Course Project

This course starts with the basics of NLP (Natural Language Processing), analyzing a large corpus of text documents to discover the structure in the data and how words are put together. It will cover cleaning and analyzing text data, then building and sampling from a predictive text model. Finally, you will use the knowledge you gained in data products to build a predictive text product.

Milestone Report

The goal of this report is just to display that you’ve gotten used to working with the data and that you are on track to create your prediction algorithm.

The Data

The data is from a corpus called HC Corpora. This exercise uses the files named LOCALE.blogs.txt where LOCALE is the each of the four locales en_US, de_DE, ru_RU and fi_FI.

I will be using only the english language files.

Exploratory Analysis

The data are large text files. Over 4 million lines combined. Unix wordcount gives 102,081,616 individual words.

Exploring the the data visually, it is clear that the data are in random order, eg. the lines in “Blogs” - file are not complete posts and lines are not in sequeantial order. For text prediction I decided to split sentences to lines for further transformations and modelling.

Summary of Raw Files

lineCount medianCharacterCount
Blogs 899288 156
News 1010242 185
Twitter 2360148 64
Combined 4269678 88

Text Transformations

My first approach was to use the tm-package to trasform and analyse the corpora to useful units (tokenizing). It turned out to be quite slow with this magnitude of data, even when using samples of n/1000. Also its data structures were complicating the task. Right now I am working with quanteda package. It seems to be faster and more user friendly for basic text trasnformation needed in this assignment. It also comes recommended in the course forums.

Transformations are currently the most memory intensive tasks. When the shiny app is running, I will have to see how long the code takes to run with different parameters and how well it performs. Maybe it is not feasible to read raw data into memory in Shiny, but to do the transformations on my computer and save the intermediate data to disk or database and and use that with the prediction algorithm. I Have to check the course pages to see if that is allowed.

Current Transformations

  • All text to lower case
    • it could be best to ignore capital letters in the beginning of sentence, but keep them elsewhere
  • Remove numbers
    • remove tokens that consist only of numbers, but not words that start with digits, e.g. 2day)
  • Remove punctuation
    • coud be useful with advanced algorhitms, but with simple ngram-model causes too many sequences.
  • Remove separators
    • spaces and variations of spaces, plus tab, newlines, and anything else in the Unicode “separator” category
  • Remove Twitter characters
    • ie.(@ and #)
  • Profanity filtering
  • Filtering foreign language

Ngrams

Ngrams are easy to build with the quanteda package. I have been using unigrams (which are basically useless for prediction), bigrams and trigrams. I might add a 4-gram. One decision is what sparsity level to use to get the best coverage of normal language with the least amount of data.

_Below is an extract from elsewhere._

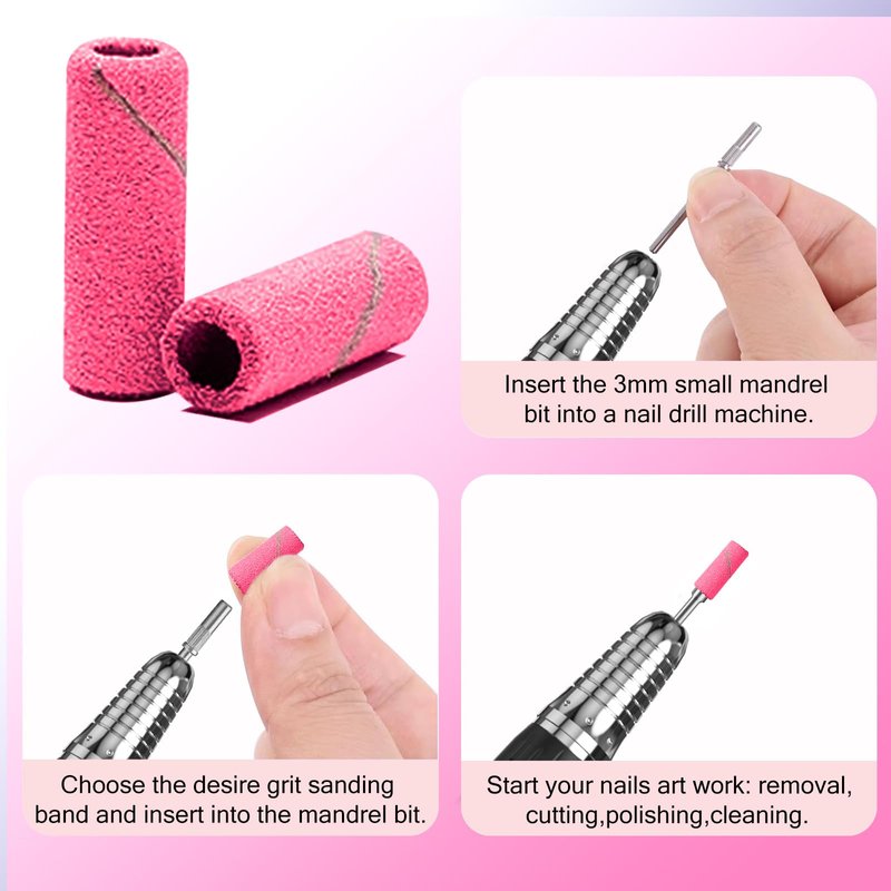 - Versatile Application: Compatible with most 3/32" nail drill machines, these multifunctional sanding bands are suitable for grinding, smoothing, shaping, shortening, and polishing all types of nail art, including cuticle removal.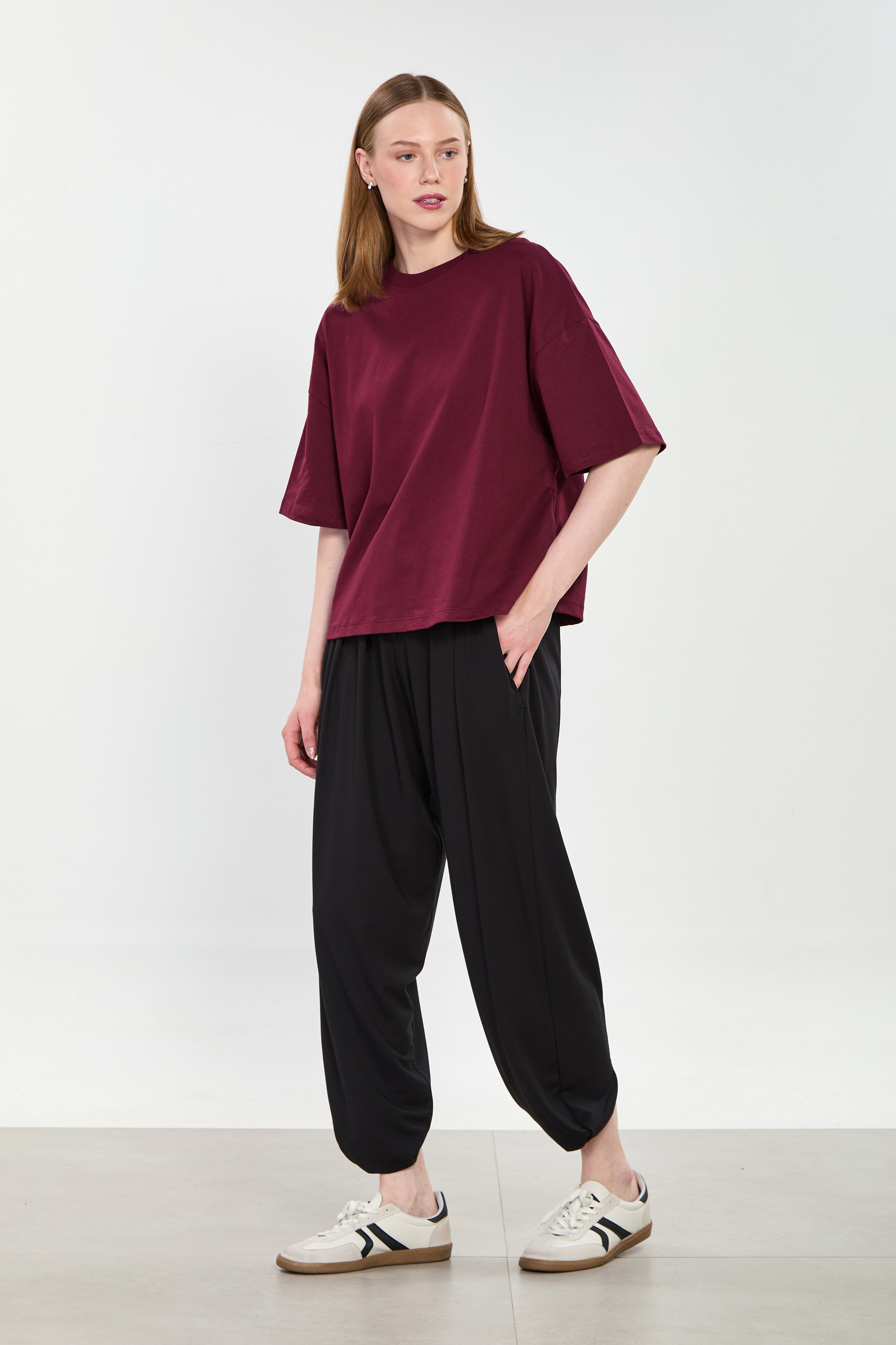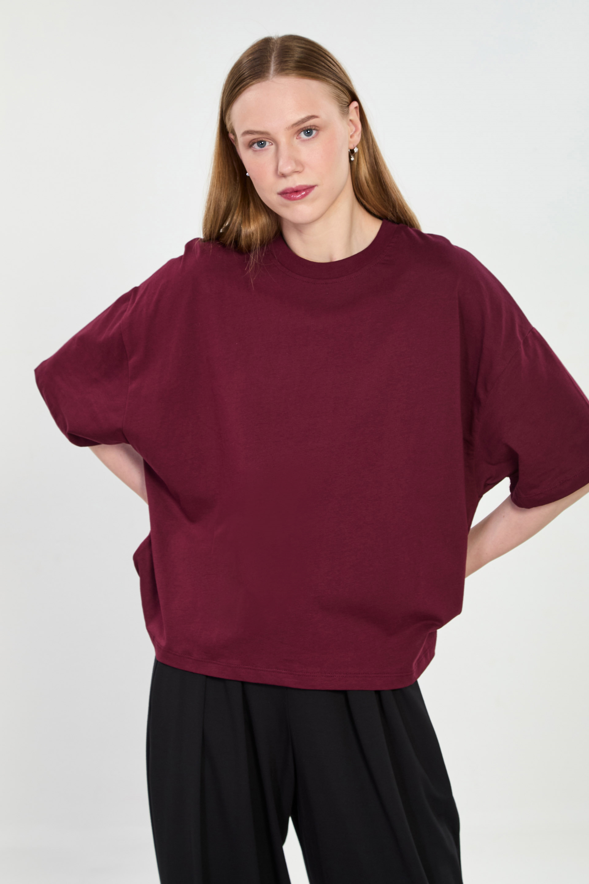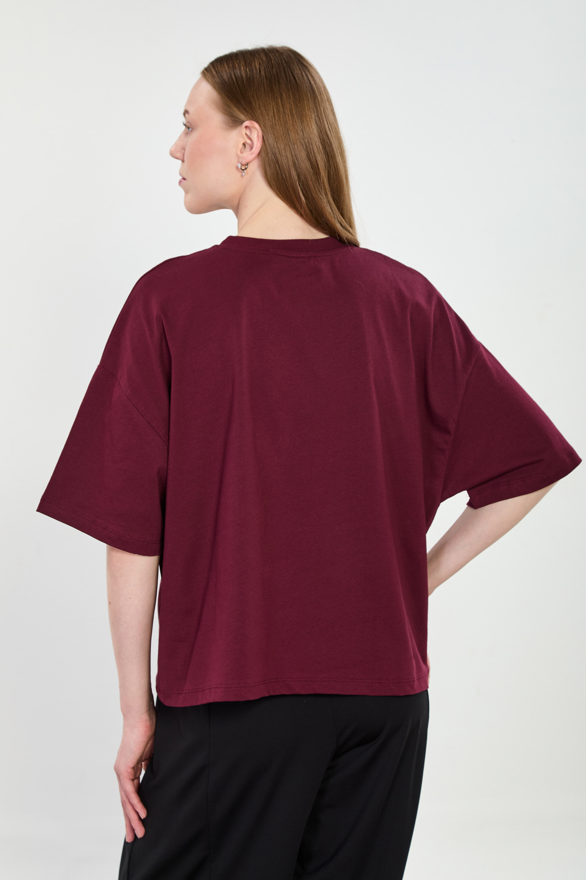 Kadın Bisiklet Yaka Oversize T-Shirt - Mürdüm

Using a 1/100 random sample from combined raw data, below are the top 20 sequences in each ngram group. Comparing those to the total number in each group with the given parameters (sequence has to occur at least five times), we get the frquencies. I ran the same analysis, with different sample sizes and the resulting sequencies and their frequencies didn’t change too much. The challenge is to get the frequencies bigger, meaning more coverage with less data.

Prediction Model

My first approach is to use tables with tokenized words in their own columns and a probability associated with that word sequence. Search for the input phrae is performed using “Stupid Backoff” - method. The logic is to first see if there is a match in the highest ngram, then checking the next highest, ending in a unigram, which always predicts the most common words (“the” being the most common). There are some better algorithms that I might try to implement if time permits.

Shiny app

I would like the shiny app to show five best next word predictions for a given phrase. Nice-to-have would be a chart comparing their probability. Selectors could include how many previous words to use in the prediction and maybe some charting options.